Implementation:Speechbrain Speechbrain LibriSpeech LM Dataset
| Knowledge Sources | |
|---|---|
| Domains | Language_Modeling, Data_Preparation |
| Last Updated | 2026-02-09 00:00 GMT |
Overview
Concrete tool for building a HuggingFace Datasets-compatible LibriSpeech language modeling dataset provided by the SpeechBrain library.
Description
This module implements a custom HuggingFace Datasets builder for the LibriSpeech language modeling corpus. It extends the official HuggingFace implementation to allow the use of both the train-960 transcripts and the external LM corpus (librispeech-lm-norm.txt) for language model training. The LibrispeechLmConfig class provides a configurable lm_corpus_path that defaults to the OpenSLR download URL. The LibrispeechLm builder class handles downloading, extraction, and generation of text examples. For training splits, it concatenates the external LM corpus with train transcript files. The generator removes utterance IDs from transcripts, filters empty lines, and skips very long sentences (over 1000 characters) to prevent out-of-memory errors. Each yielded example consists of a single "text" field.
Usage
Use as a HuggingFace Datasets builder in conjunction with the LibriSpeech LM training recipe. Can be loaded via the datasets library with custom configuration for the LM corpus path.
Code Reference
Source Location
- Repository: SpeechBrain
- File: recipes/LibriSpeech/LM/dataset.py
Signature
class LibrispeechLmConfig(datasets.BuilderConfig):
"""Builder config for LibriSpeech LM."""
def __init__(self, **kwargs):
self.lm_corpus_path = kwargs.pop("lm_corpus_path", None)

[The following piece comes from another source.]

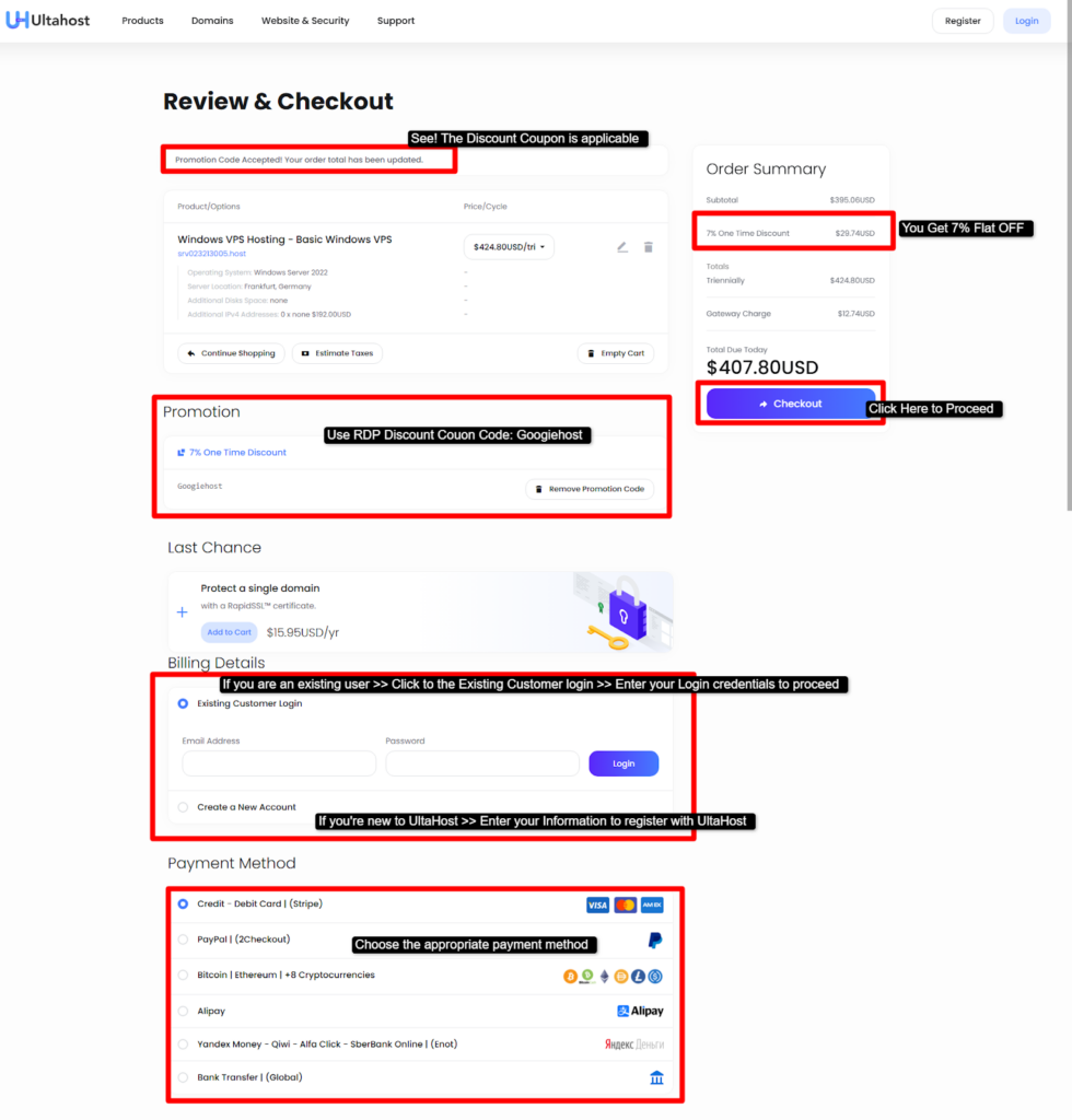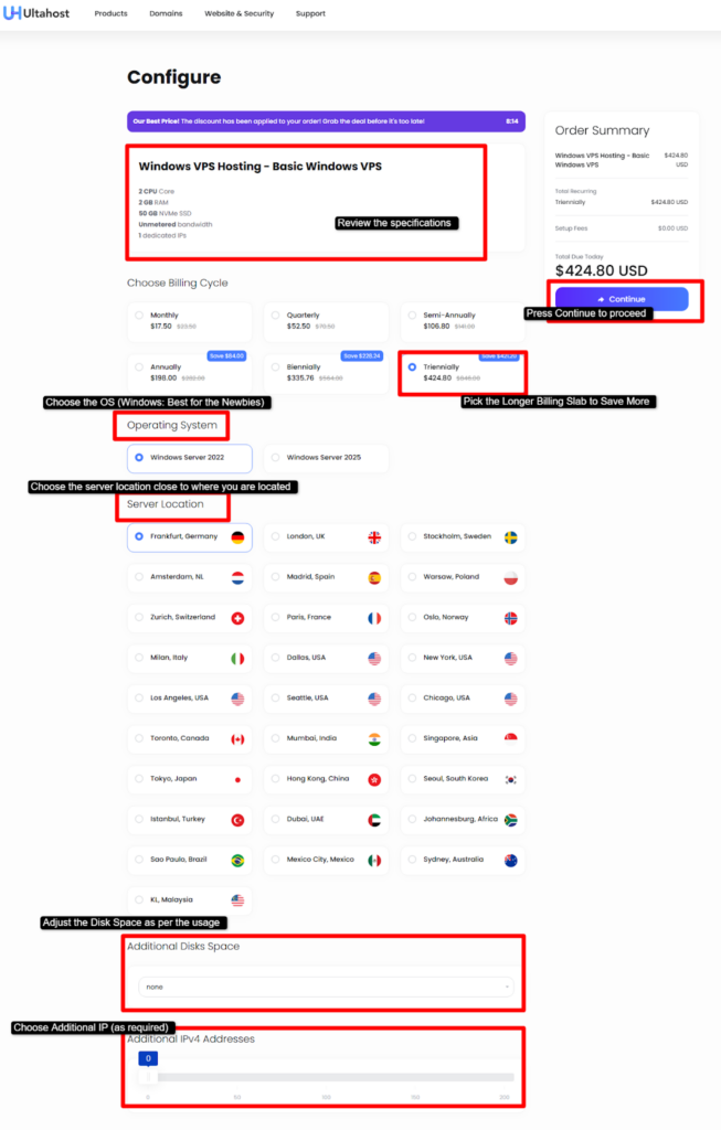 Here, we have chosen Ultahost as it offers a 30 days Free RDP trial) and it offers the latest SSD storage technology, Unlimited Bandwidth, 99.99% guaranteed uptime, Advanced DDoS for securing the connections, and many more.

super().__init__(**kwargs)
def __post_init__(self):
if self.lm_corpus_path is None:
self.lm_corpus_path = _DL_URL
...
class LibrispeechLm(datasets.GeneratorBasedBuilder):
"""Librispeech language modeling dataset."""
VERSION = datasets.Version("0.1.0")
BUILDER_CONFIG_CLASS = LibrispeechLmConfig
def _info(self):
...
def _split_generators(self, dl_manager):
"""Returns SplitGenerators."""
...
def _generate_examples(self, archive_path):
"""Yields examples."""
...
Import
import datasets
# Load using HuggingFace datasets with the custom script
dataset = datasets.load_dataset("./dataset.py", data_files={"train": [...], "test": [...]})
I/O Contract
Inputs
| Name | Type | Required | Description |
|---|---|---|---|
| lm_corpus_path | str | No | Path or URL to the LM corpus file (default: OpenSLR librispeech-lm-norm.txt.gz) |
| data_files | dict | Yes | Mapping of split names to transcript file paths |
Outputs
| Name | Type | Description |
|---|---|---|
| text | str | A single line of text from the LM corpus or transcript (utterance IDs removed) |
Usage Examples
import datasets
# Load with default LM corpus (auto-downloaded from OpenSLR)
lm_dataset = datasets.load_dataset(
"./dataset.py",
data_files={
"train": ["train-960-transcripts.txt"],
"test": ["test-transcripts.txt"],
},
)
# Iterate over examples
for example in lm_dataset["train"]:
text = example["text"]
# Process text for LM training...